WORK ORDER. Please repeat every record below exactly as written, but leave out the pictures.

** Opening MATERIALS PROVIDED block **

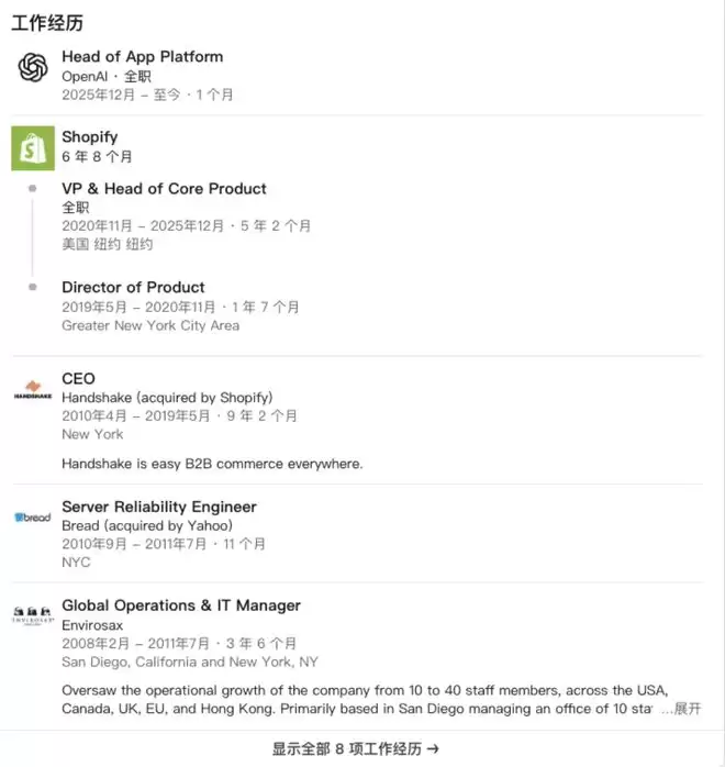 三、Shopify6年老将加盟OpenAI,担任应用平台主管
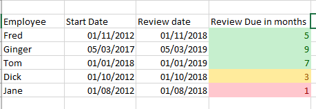 2. i would like to have the cells colour coded for the annual review; so if the review is due in more than 4 months its green, 2-4 months its yellow, less than 2 months red
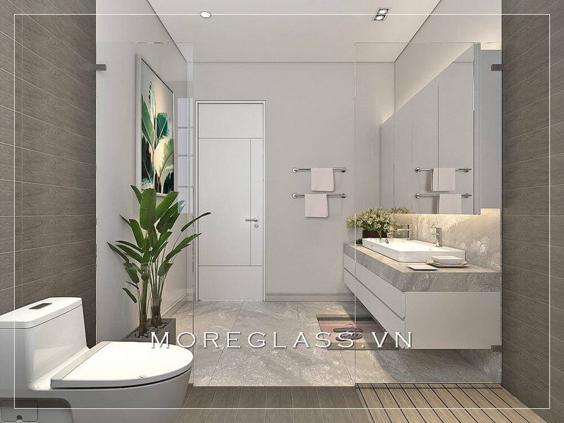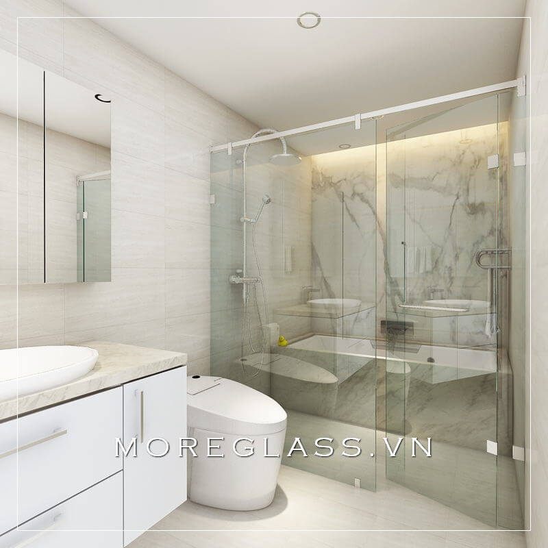 Mẫu phòng tắm được làm từ kính cường lực để phù hợp với căn hộ chung cư cao cấp.
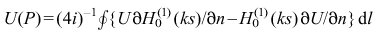 (Helmholtz-Kirchhoffsche Formel) mit s als Abstand des Flächenelementes df von P (Abb. 1). Die Funktion G=exp(iks)/s ist die Greensche Funktion der Helmholtzschen Differentialgleichung (2) im freien Raum. Sie stellt eine divergierende Kugelwelle dar. Für zweidimensionale Probleme gilt die zu (3) analoge Darstellung![]()
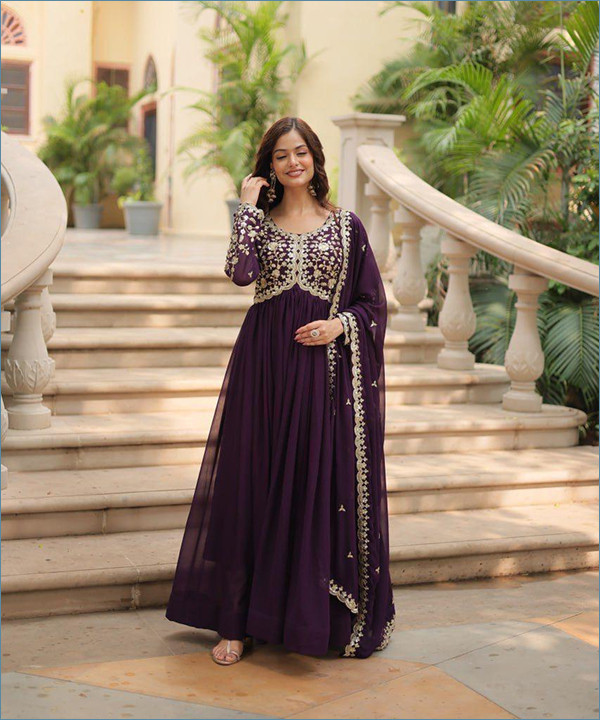 Be the first to review “Faux Blooming Embroidered Work Gown Blue Colour”
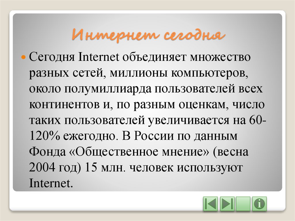 Сегодня Internet объединяет множестворазных сетей, миллионы компьютеров,
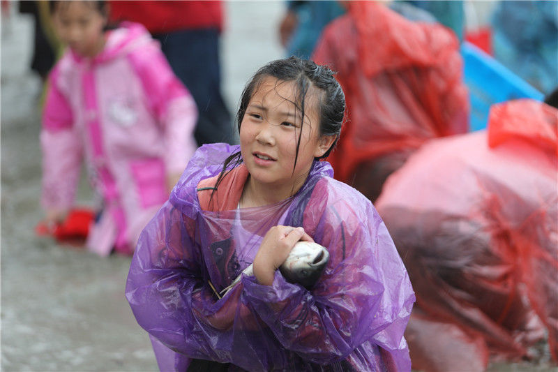 一名小朋友在“鬧魚”活動中抓得一條活魚。
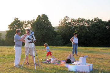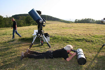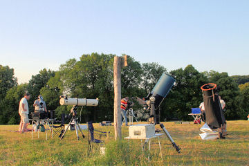 Es beginnt ein sommerliches Teleskoptreffen auf der gemähten Wiese.
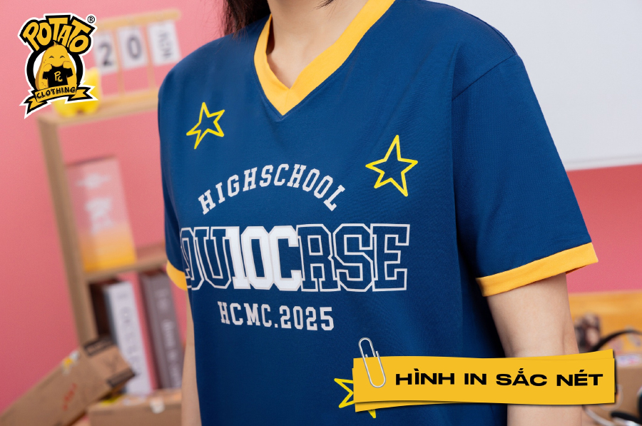 Áo cổ vest tại Potato được ứng dụng để may áo lớp hoặc đồng phục team building
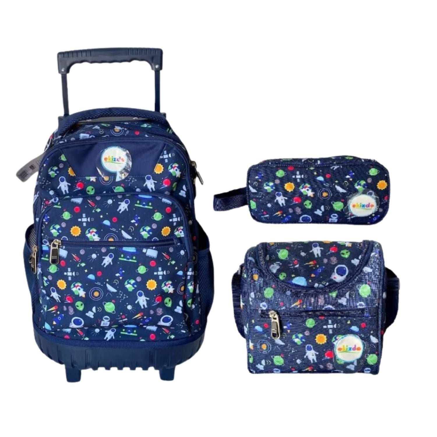 - ¿Es lavable el Pack 3 Piezas Mochila Escolar Espacial Lonchera Estuche? Sí, las piezas pueden limpiarse con un paño húmedo y jabón suave. Se recomienda evitar sumergirlas en agua.
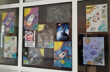 Выставка рисунков учащихся начальных классов к Дню космонавтики.
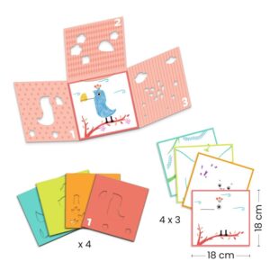 - Obsah balení: 10 listů k dotvoření, 12 suchých pastelů, 1 savý papír, 2 archy průhledných samolepek, návod s modely.
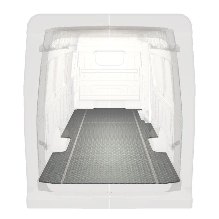 Lekkie i solidne standardowe podłogi do samochodów dostawczych Volkswagen Crafter / MAN TGE wyposażone w antypoślizgową aluminiową blachę ryflowaną i szyny na ładunek (wzdłużne) umożliwiające szybki i bezpieczny montaż systemów regałowych oraz innych akcesoriów.
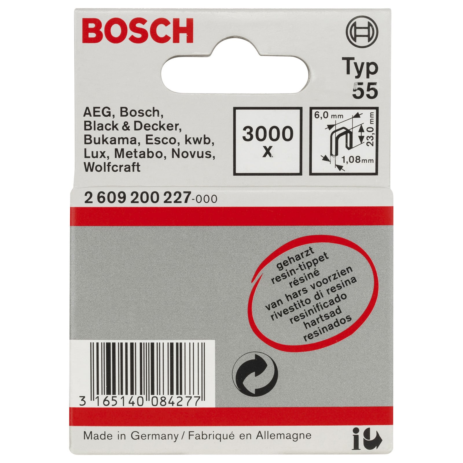 "Bosch 3.000x Schmalrückenklammer Typ 55, geharzt 6 x 1,08 x 23 mm - 2609200227"
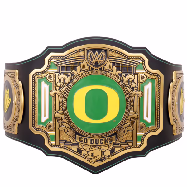 Game time just got a whole lot more interesting thanks to the WWE. Champion your Oregon Ducks pride with this WWE Legacy Title Belt. Slung over your shoulder or fitted around your waist, it will be easy to channel your inner “Stone Cold” Steve Austin, John Cena or Roman Reigns while cheering on the Oregon Ducks. The glory of the NCAA and the prestige of the WWE make for one great tag team.

** Closing MATERIALS PROVIDED block **

SOLUTION.
 三、Shopify6年老将加盟OpenAI,担任应用平台主管
 2. i would like to have the cells colour coded for the annual review; so if the review is due in more than 4 months its green, 2-4 months its yellow, less than 2 months red
 Mẫu phòng tắm được làm từ kính cường lực để phù hợp với căn hộ chung cư cao cấp.
 (Helmholtz-Kirchhoffsche Formel) mit s als Abstand des Flächenelementes df von P (Abb. 1). Die Funktion G=exp(iks)/s ist die Greensche Funktion der Helmholtzschen Differentialgleichung (2) im freien Raum. Sie stellt eine divergierende Kugelwelle dar. Für zweidimensionale Probleme gilt die zu (3) analoge Darstellung![]()
 Be the first to review “Faux Blooming Embroidered Work Gown Blue Colour”
 Сегодня Internet объединяет множестворазных сетей, миллионы компьютеров,
 一名小朋友在“鬧魚”活動中抓得一條活魚。
 Es beginnt ein sommerliches Teleskoptreffen auf der gemähten Wiese.
 Áo cổ vest tại Potato được ứng dụng để may áo lớp hoặc đồng phục team building
 - ¿Es lavable el Pack 3 Piezas Mochila Escolar Espacial Lonchera Estuche? Sí, las piezas pueden limpiarse con un paño húmedo y jabón suave. Se recomienda evitar sumergirlas en agua.
 Выставка рисунков учащихся начальных классов к Дню космонавтики.
 - Obsah balení: 10 listů k dotvoření, 12 suchých pastelů, 1 savý papír, 2 archy průhledných samolepek, návod s modely.
 Lekkie i solidne standardowe podłogi do samochodów dostawczych Volkswagen Crafter / MAN TGE wyposażone w antypoślizgową aluminiową blachę ryflowaną i szyny na ładunek (wzdłużne) umożliwiające szybki i bezpieczny montaż systemów regałowych oraz innych akcesoriów.
 "Bosch 3.000x Schmalrückenklammer Typ 55, geharzt 6 x 1,08 x 23 mm - 2609200227"
 Game time just got a whole lot more interesting thanks to the WWE. Champion your Oregon Ducks pride with this WWE Legacy Title Belt. Slung over your shoulder or fitted around your waist, it will be easy to channel your inner “Stone Cold” Steve Austin, John Cena or Roman Reigns while cheering on the Oregon Ducks. The glory of the NCAA and the prestige of the WWE make for one great tag team.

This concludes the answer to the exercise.